Un
día, el chispeante e imaginativo narrador Georges Perec tuvo una idea, tan
sorprendente como casi todas las suyas: escoger doce lugares de París que
estuvieran relacionados con algún aspecto de su vida y reunirlos en un proyecto,
que consistía en escribir todos los meses dos textos sobre uno de esos lugares,
repitiendo la experiencia durante doce años. Cada mes, los dos escritos
quedarían protegidos en un sobre lacrado por el propio autor. Esta singular
experiencia comenzó en 1969. Y calibró que, cuando por fin se abriesen los
sobres en 1980, el mosaico mostraría un detallado mapa mental y emocional, un
laberinto y un retrato. Obviamente, hablamos de una aventura, hablamos de un
juego, hablamos de un experimento. Pero es que hablamos de Georges Perec, quien
hizo de la aventura, del juego y del experimento unas herramientas
imprescindibles para entender su entorno y entenderse a sí mismo.
Alguien,
guiado por un sentido trascendente de la literatura o de la vida, podrá
argumentar que el volumen está construido enteramente con fruslerías.
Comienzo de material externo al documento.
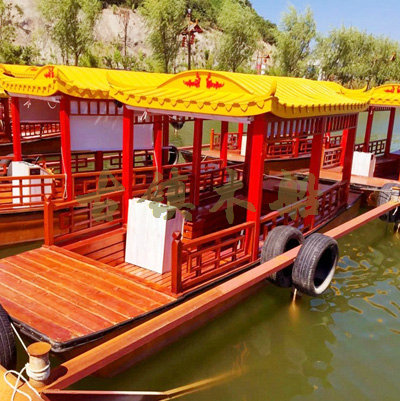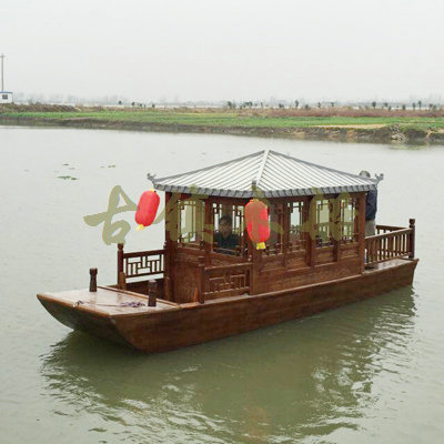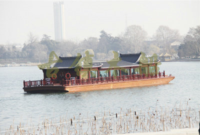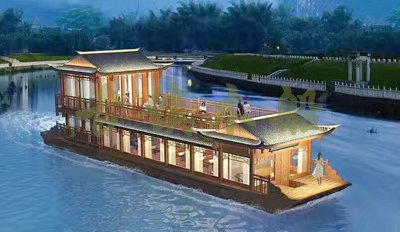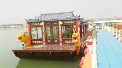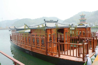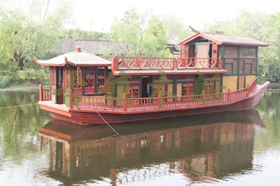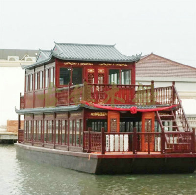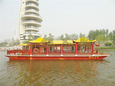 畫舫船就是裝飾古典華麗的游船,是"中國風(fēng)"的仿古游船,結(jié)合古典園林建筑,體現(xiàn)了中華文明的古典藝術(shù).畫舫船豪華而又古典,船上的建筑按照中國古代建筑里的亭臺樓閣,建筑工藝之復(fù)雜,要求之嚴格,仿古畫舫游船的特點飛檐翹角、玲瓏精致的四角亭子逐漸成形,赫然立于船頭,美人靠、盤龍柱子、彩畫……龍柱上的浮雕盤龍和祥云一層扣著一層,層層錯落有致,雕刻精細到盤龍身上的每一個鱗片都細細可數(shù),古代皇家標志性元素,在畫舫船上體現(xiàn)的淋漓盡致。除了雕刻、花窗,整條船還有一個看點,那就是弧線優(yōu)美、高高翹起的船尾。游船并不大,長約10米、寬3米,但是整體看起來堪稱一件藝術(shù)品。船尾的雕花欄桿與船艙、船頭的雕刻遙相呼應(yīng),船身四周貼著浮雕祥云,給整條船增添了富貴、華麗的氣質(zhì)。

Concedido: es así. Nada que objetar. El parisino nos habla de lugares diminutos
donde toma un café o come salchichas, de amigos anónimos que acabaron
trabajando en profesiones pequeñas, de calles con basura, de conversaciones de
barra que duraron un par de minutos y que estuvieron impregnadas de banalidad,
de paseos silenciosos por calles solitarias, de amigos y amigas a quienes se
tragó el olvido, de habitaciones donde durmió o escribió, de aquella vez que
estuvo escuchando el canto de miles de pájaros, de cuando lo sorprendió el
ruido de los furgones antidisturbios en Mabillon, de cuando constató que habían
renovado la escalera mecánica en la estación Monge, e incluso de pequeñas
mezquindades literarias (“Soy envidioso, soy mala persona; la gloria de Sollers
(o de Le Clézio) me quita el sueño”, p.233)… Sí, desde luego, no será necesario
seguir enumerando más pequeñeces: admitido. Totalmente admitido. Pero
convendría recordar que nuestra vida (digamos que, al menos, el 90% de nuestra
vida) es eso: cosas diminutas, seres diminutos, charlas diminutas, alegrías y
penas diminutas. Horas o días sin pena ni gloria. Con su anotación meticulosa,
Perec está consignándose. Y lo hace por una razón muy contundente, que
el autor nos deja anotada en la página 268: “No quiero olvidar. Tal vez ese sea
el eje central de este libro”. Con esa clave debemos leer el tomo.
En
este descomunal trabajo editorial, que traduce Pablo Martín Sánchez y que
incluye un preámbulo de Sylvia Richardson y un prólogo de Claude Burgelin, amén
de la espectacular introducción y las notas de Jean-Luc Joly, el imprevisible
Perec anota miles de detalles de su propia vida, miles de anécdotas, miles de
recuerdos, miles de pormenores topográficos o espirituales. Y el proyecto resulta
tan inaudito como seductor. Mención aparte (y un enorme aplauso) suscitan las fotografías
y las notas que enriquecen esta fastuosa entrega editorial: un prolijo y
esclarecedor esfuerzo donde se nos suministran muchos detalles sobre las
personas mencionadas o los avatares vitales del autor. Impagable luz que nos
sirve para entender esta vidriera literaria, esta playa llena de guijarros
coloreados a la que ahora con admiración llamamos Georges Perec.
No lo duden los amantes de sus libros: Lugares debe estar en sus bibliotecas.